Sole practice requires mindfulness and self-discipline of a kind that many have not needed to develop in a group practice. If you don't make a calendar entry or take note of something important or schedule a task, there is no one to remind you. Alas, you may discover it too late, or not at all. It is easy to be overwhelmed and clients and others seem to be less tolerant of delay or negligence in today's fast-paced electronic world.

For me, technology is a necessity. It enables me to keep in touch with clients seamlessly and put out more work quickly and efficiently. But it also puts us all on a very short leash. Some task that could be attended to in a week, when paper arrived in the mail, is in front of your nose in a minute, demanding immediate attention

A smart phone, a tablet and an up-to-date computer have now replaced your secretary. They enable you to perform her job (or most of it) yourself. But it is easy to forget that you are the secretary now and despite the assist from electronics, you must still spend a significant amount of time doing your own secretarial work. Managing time is harder, I think. I try to do my most important desk work early in the morning. The telephone, email and scheduled appointments can take over the rest of the day and leave you without enough time or energy to address deadlines.

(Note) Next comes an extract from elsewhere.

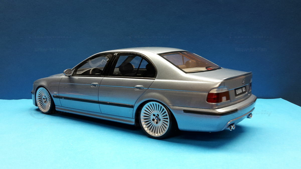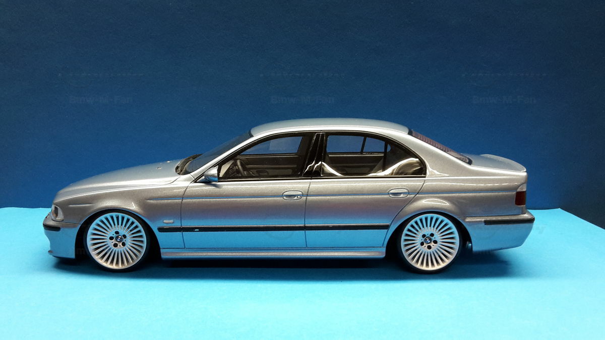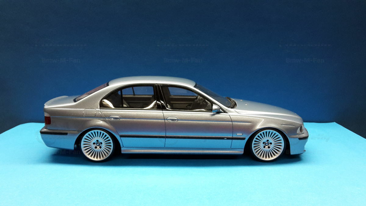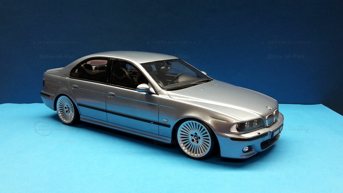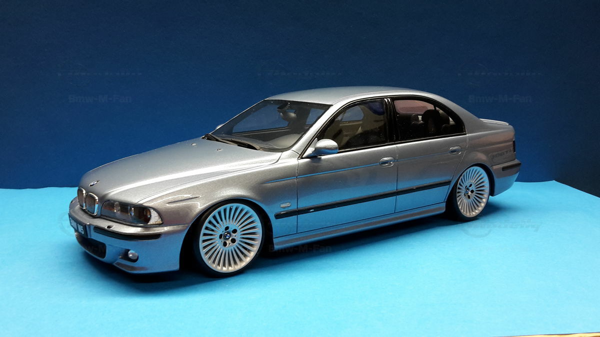 The showcased scale model, crafted by Otto Models in a 1/18 scale, faithfully replicates the BMW E39 M5 in meticulous detail. This model is made of resin, renowned for its precision and high-quality finish in model cars. However, it's important to note that the model displayed here has been modified and does not represent the original product from Otto Models. The alterations can be seen in the photo, making it a unique addition to any collection. For instance, the wheels stand out with a distinct design, possibly indicating the influence of a custom tuner, although the exact origin is not explicitly clear. Additionally, modifications might have been made to the body and other minor details.
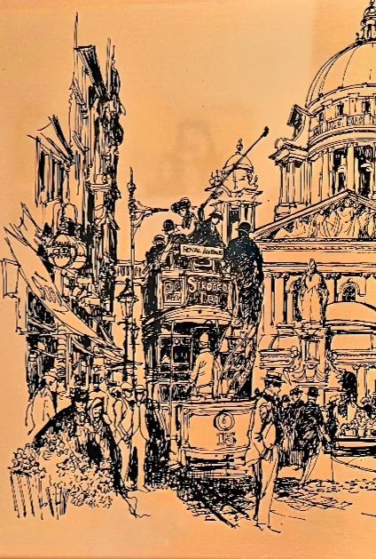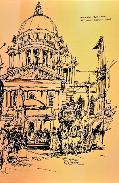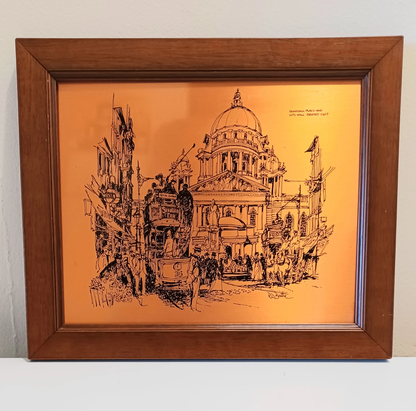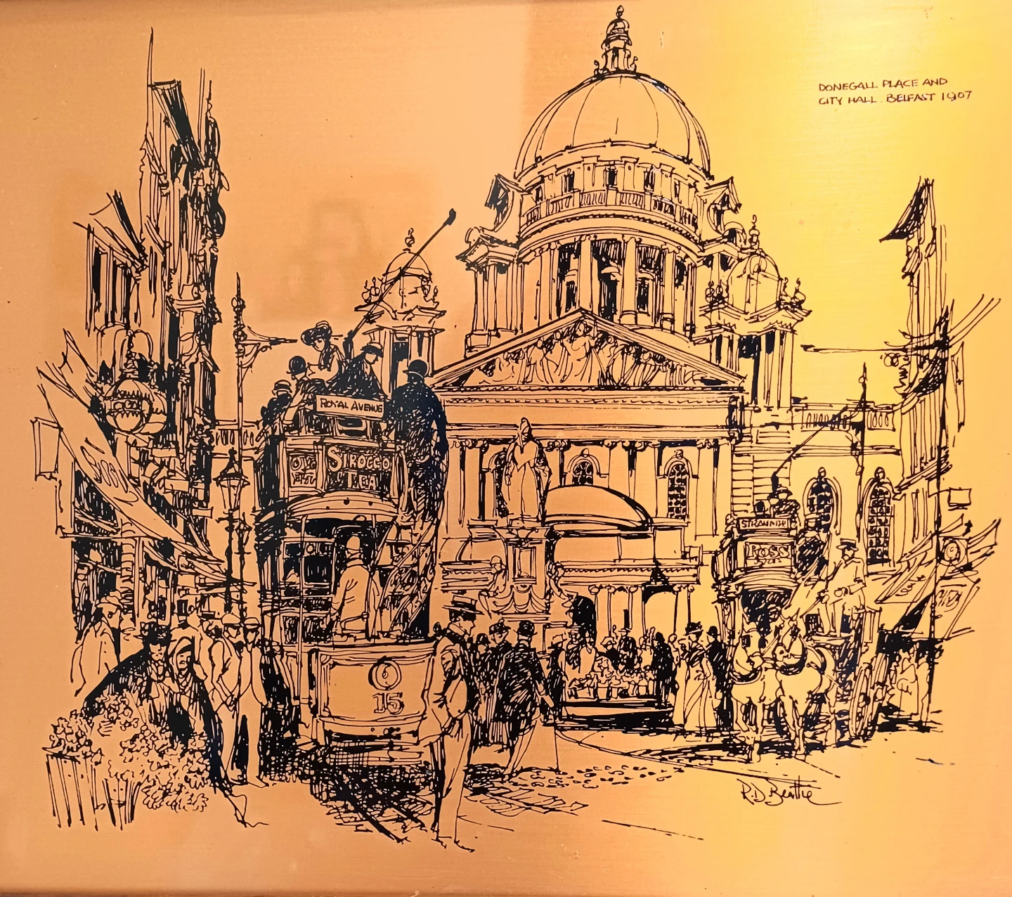 This framed Sk-Exketch print showcases a detailed sketch of Belfast City Hall and Donegal Place in 1907. This piece, crafted in Northern Ireland, captures a historical street scene. The artwork is in Excellent condition

Solo practice is not for everyone. I worry for new lawyers I see doing it. The foundation provided by law school does not give you enough. There is knowledge, experience and judgment that is acquired over time and through the guidance and assistance of senior lawyers. It is also not for those seeking to practice in fields that require extensive man-hours in a concentrated period of time or coordinated teamwork. But there is a place for it and a large number of lawyers have found their niche as solos.

And, by the way, it was not an accident that David slew Goliath. There are areas of the law where solos can and do perform better and more cheaply than larger law firms.